And indeed the stream of customers thickened around her, and people of all classes came to see her work, hefting the faces and running fingers over the smoothness of the carving. She sold four of her big objarka and made good silver. But then, suddenly, the crowd scattered, taking flight like a field full of starlings at no cue Kate could see. She found herself looking at a single pair of good boots and the hilt of a sword. She looked up at a man in the dress of the city watch. “We’ll have no witchcraft in the market,” he said.
“I don’t do any.”
“And your little friend?” said the watchman. For a moment she thought he meant Taggle, and her stomach lurched. She looked at the basket woman, whose eyes were wide with fear. “The lass with the pretty ways and little bundles,” he said. “The Roamer girl.”
Plain Kate swallowed and looked straight ahead. This gave her a good view of the watchman’s sword, bumping at his hip. “Well?”
But she could think of nothing to say.
“Have a word with her,” he said more kindly. “They burned a woman here last week.”
When he’d gone, Plain Kate tried to catch the basket woman’s eyes. But the woman, pale, turned her head away.
Plain Kate sat trembling on her bedroll with her three masks in front of her, and didn’t know what to do. She stood up and didn’t see Drina anywhere. She looked and looked. Her eyes lit on every flash of red, but none of them was the red turban Drina had been wearing. She tried to shout Drina’s name, and her voice caught in her throat.
People were still thick around her blanket, but now the glances were for her and not for her work, and some were hot, and some were cold. Plain Kate looked down at the objarka that had the face of a woman burning. She shifted her weight from foot to foot.
“Go find her,” the basket woman said. “Hurry.”
So Plain Kate snatched up her sleep roll and stuffed it, objarka and all, into her pack. She swung it up and ran into the center of the market. She found nothing but confusion. Wet cobbles skidded underfoot. Shoulders and elbows jostled her. Heads and handcarts blocked her view.
She scrambled up the steps to the platform from which the weizi rose. She’d been half expecting to see wood for burning stacked around the column, but there wasn’t, only the carved figures of the weizi itself: men unloading boats, a little too big to be human, their faces too narrow, their limbs too long. From the weizi platform she could see a little way. Something was happening by one of the alleys. The eddying crowds had begun to flow in that direction. Kate saw the catfish man with the jangling coat heading that way, coaxing a priest along, a hand on the holy man’s elbow.
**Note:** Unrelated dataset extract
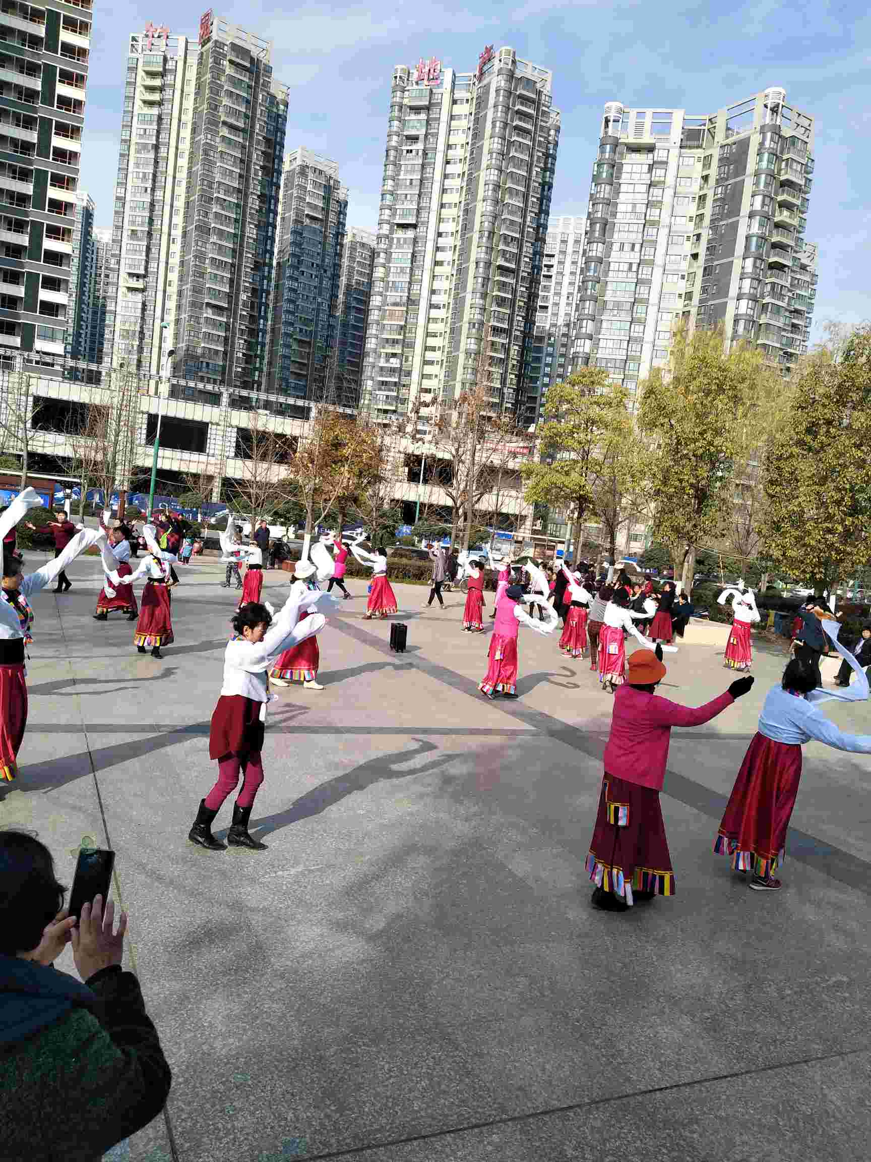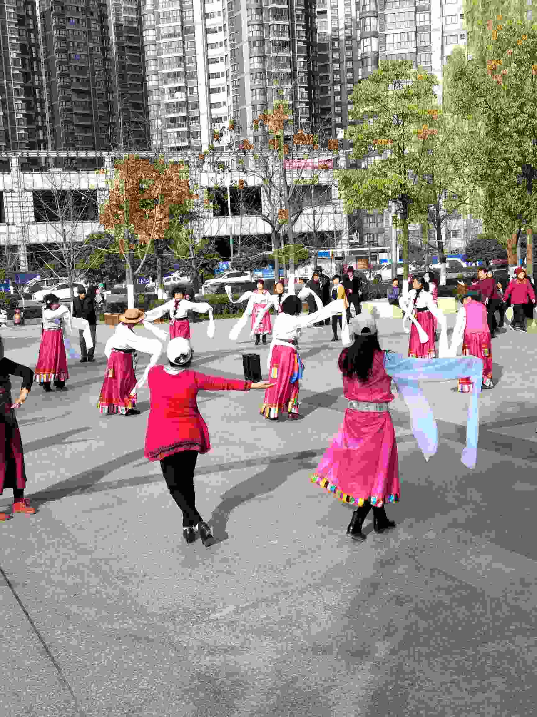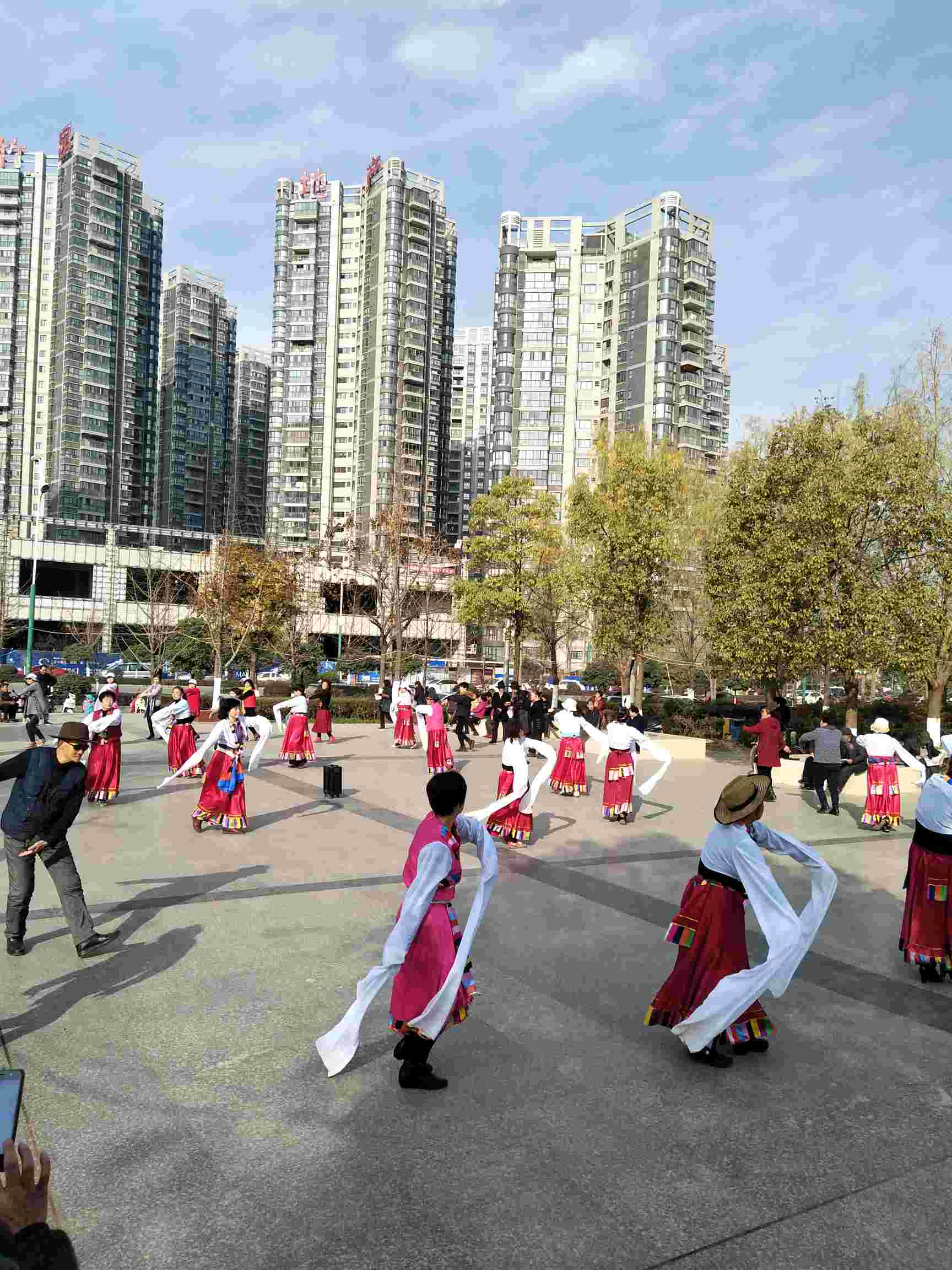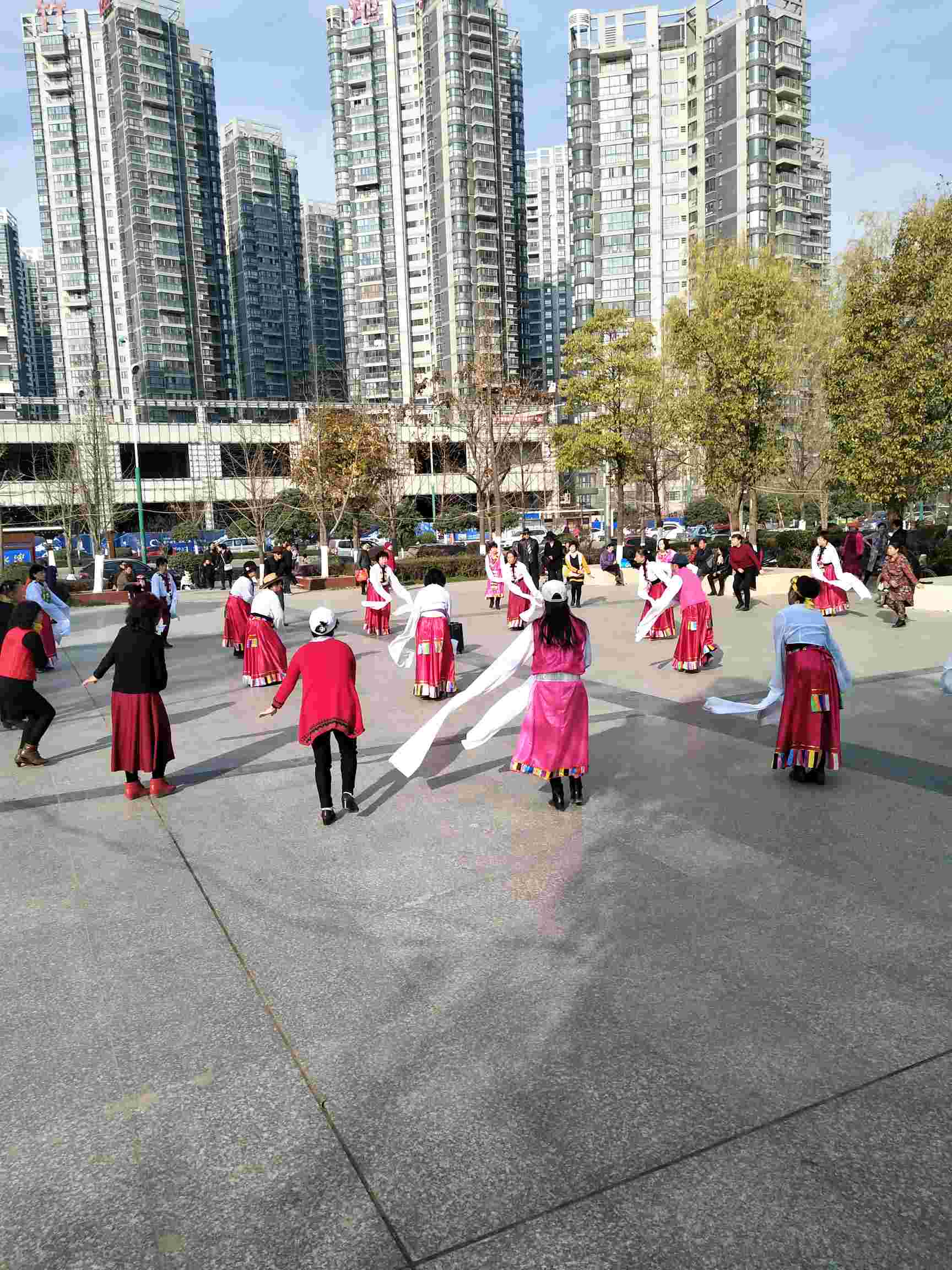 今天早上吃过饭喝了药就疲乏,上午就在家睡觉了,中午饭是婆婆做的。下午阳光明媚,老公出差回来了,开车送儿子上补习班然后送我和老爸到汉江边玩,我主要是去参与一下广场舞活动,大妈们跳的是藏族舞。每天中午1点30开始,3点结束。我跟着跳了一会就感觉好热脱了羽绒服又跳,老爸是给我拿衣服端水的😀️。今天第一天参加活动,坚持不了了就下来休息一会喝点水又跳,比散步累多了。不过听听音乐跳跳舞心情也比较好,我是的好好锻炼一下减减水牛背,激素脸和大肚腩了,要不每次一照镜子就会自卑不想出门,也想通过锻炼补补钙减少骨质疏松的不断扩大。

Plain Kate leapt from the platform and fought her way through the dung and puddles. A bridge from house to house made a wooden lip above the mouth of an alley. There was space of shadows beneath the bridge. In front of it was a wall made of human backs and shouting.
Kate heard a high screaming. The yowl of a cat.
Close by she heard the catfish man saying to the wheezing priest: “…the devil’s bundles, holy father, with my own eyes…”
Suddenly Taggle came scrambling over the heads and shoulders of gathered men. He left a trail of blood and cursing. “Katerina!” he yowled—though in the din only she knew it was him. The cat leapt onto her pack-basket, spitting, his hair stiff as a brush. “Katerina! It’s—”
“Shut up!” she snapped. Drina’s witchcraft charms. Her secret questions. “It’s Drina. Is she alive?”
“When I left.”
“What’s this, then?” said the little priest, but the men were packed so tightly that they didn’t—couldn’t—turn.
Kate looked at them desperately. “We have to get through.”
She could feel Taggle’s hot breath on her neck as the cat shifted on her basket, muscles bunching. “Follow me,” he said.
And before she could even think of stopping him, Taggle threw himself at the crowd.
His front claws bit into her shoulder as he leapt; his back claws grazed her ear. And then he was scrambling across the heads and shoulders of the packed people. His claws were out and his teeth were gnashing. He was huge with his hair on end, and screaming like a panther. The men—men he had already bloodied—shouted and squealed and hit and pushed against their fellows to get away from him. The wall of bodies cracked open. Plain Kate followed her cat like a soldier following his spear.
Elbows struck her. Feet tangled her. She stumbled and shoved through the hot press and the human stink. Something hard hit her temple. Another blow to her ribs. A stabbing weight on her instep. And then suddenly she was through. Panting, battered, terrified. But through. Into a little space bordered by the crowd, the walls of the alley, and a cart with a hysterical, rearing horse which blocked the way forward.